Do you do assessments in a forensic setting? In other words, had this person committed a crime? BPD and ASPD, that's some scary combo!
I got the advantage of having a great psychologist work with me and the hospital being a host to a psychology master's program where we can have the master's students do plenty of testing. I didn't use testing on this guy because his acting out was so extreme he was not appropriate for testing until yesterday.
The trick with this guy IMHO was that Clonidine greatly stabilized him and he had a few hours of no problems. There were no psychotic symptoms that were clearly psychosis (e.g. no negative symptoms, no delusions, no paranoia), he often acted out if he did not get immediate gratification, and he said antipsychotics made him feel more hyper and they did not sedate him.
Then I found out his mother drank like a fish when she was pregnant. He does show some FAS facial characterstics but that is too nonspecific a test.

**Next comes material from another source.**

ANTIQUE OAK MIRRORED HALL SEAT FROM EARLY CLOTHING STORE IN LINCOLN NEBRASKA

What helped me was hours of observation, experience and when we gave an emergency medication, only giving one so we knew exactly what each medication we gave did to him. It came to a head about 3 days ago. I gave him Thorazine 100 mg oral, then 20 minutes later, Prolixin 15 mg oral and crushed, then 25 minutes later Thorazine 100 IM, then put him in restraints. I will not give him Haldol because there is a medical record showing he had seizure a few years ago after he got injected with it. Each time we gave him an antipsychotic he said it just made him feel more hyper. I felt that giving him more was just being a fly hitting the window. I tried Clonidine after he was released from restraints and he told me that for the first time in years he actually felt a medication causing him some improvement. Given that it treats ADHD, he had symptoms of ADHD and that it's not a substance of abuse, I figured this was ADHD of the worst extreme I ever saw.
Another advantage is I work in a long-term facility. In that setting you can devote several hours on one patient a day. In a short term facility, you have to get them out as soon as possible or the institution starts losing money.

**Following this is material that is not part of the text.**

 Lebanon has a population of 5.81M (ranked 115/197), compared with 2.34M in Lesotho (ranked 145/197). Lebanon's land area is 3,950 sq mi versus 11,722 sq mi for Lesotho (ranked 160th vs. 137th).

It took me about 6 days to figure this out, and another few days to reinforce my theory. Of course nothing is ever 100% but it's to the point where he said he feels better and I'm not giving him anything that can be used for abuse. He's gone through years of being diagnosed with bipolar disorder and being given an antipsychotic and mood stabilizer that did nothing or made him worse. Right now I got him on a starting dose of Wellbutrin and a Clonidine patch and he's been fine for a few days.

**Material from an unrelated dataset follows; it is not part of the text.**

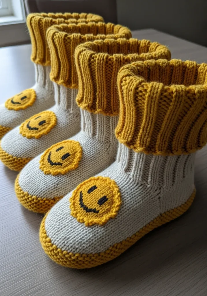 If you are into practical projects that still feel fun, this one is such a winner. The basic sock shape helps build skills step by step, and adding the smiley detail is like the cherry on top. I always feel extra accomplished when I can wear something I made around the house.

I am though doubting he has antisocial PD because since he's been stabilized, he's told me he's regretted some of his prior behaviors. He also calls a family member regularly and cries over the phone because that's his only relative and that person is not in good health. IMHO this is FAS and ADHD to the worst extreme I've seen it--to the point where the guy cannot control impulses to cause a ruckus and he had an urge to cause one moment to moment. Now that he's been a bit more stable, he told me he has an urge to stir things up and the Clonidine's calmed it down. He's not been charged before the incident for which I'm seeing him now, but he has done several misdemeanor level behaviors that could've gotten him arrested but he got away with it. (E.g. screaming in a public place, baiting people into fights in public, etc).